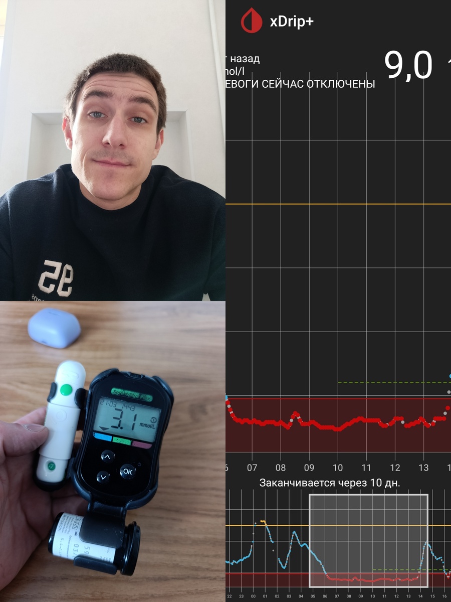 Конечно, я просыпался и видел график, но никаких симптомов гипо я не чувствовал и больше поверил своим ощущениям, а не мониторингу (думал что либра как раз занижает на единицу и сейчас у меня сахар где-то 4.2-4.3 ммоль/л, можно спать дальше спокойно). А вставать и перепроверять глюкометром
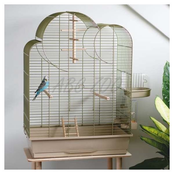 Elegantna kletka za papige z vso opremo. Zelena mrežica, bežna posodica. Več podrobnosti
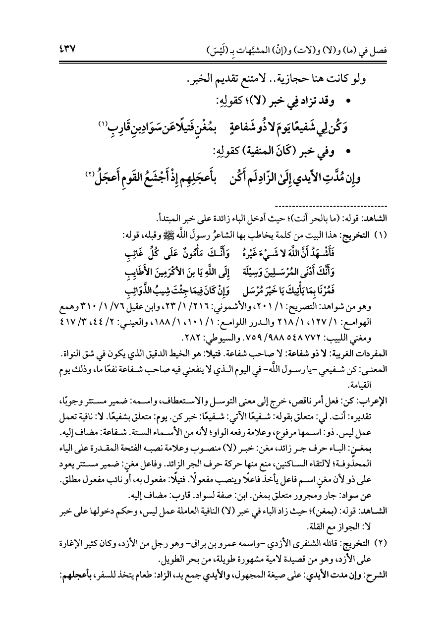 الشاهد: قوله: (بمغن)؛ حيث زاد الباء في خبر (لا) النافية العاملة عمل ليس، وحكم دخولها على خبر لا: الجواز مع القلة.

-*-*-

== TASK OBJECTIVE ==
Drop the pictures and set down the data above exactly.

== ANSWER BELOW ==
 Конечно, я просыпался и видел график, но никаких симптомов гипо я не чувствовал и больше поверил своим ощущениям, а не мониторингу (думал что либра как раз занижает на единицу и сейчас у меня сахар где-то 4.2-4.3 ммоль/л, можно спать дальше спокойно). А вставать и перепроверять глюкометром
 Elegantna kletka za papige z vso opremo. Zelena mrežica, bežna posodica. Več podrobnosti
 الشاهد: قوله: (بمغن)؛ حيث زاد الباء في خبر (لا) النافية العاملة عمل ليس، وحكم دخولها على خبر لا: الجواز مع القلة.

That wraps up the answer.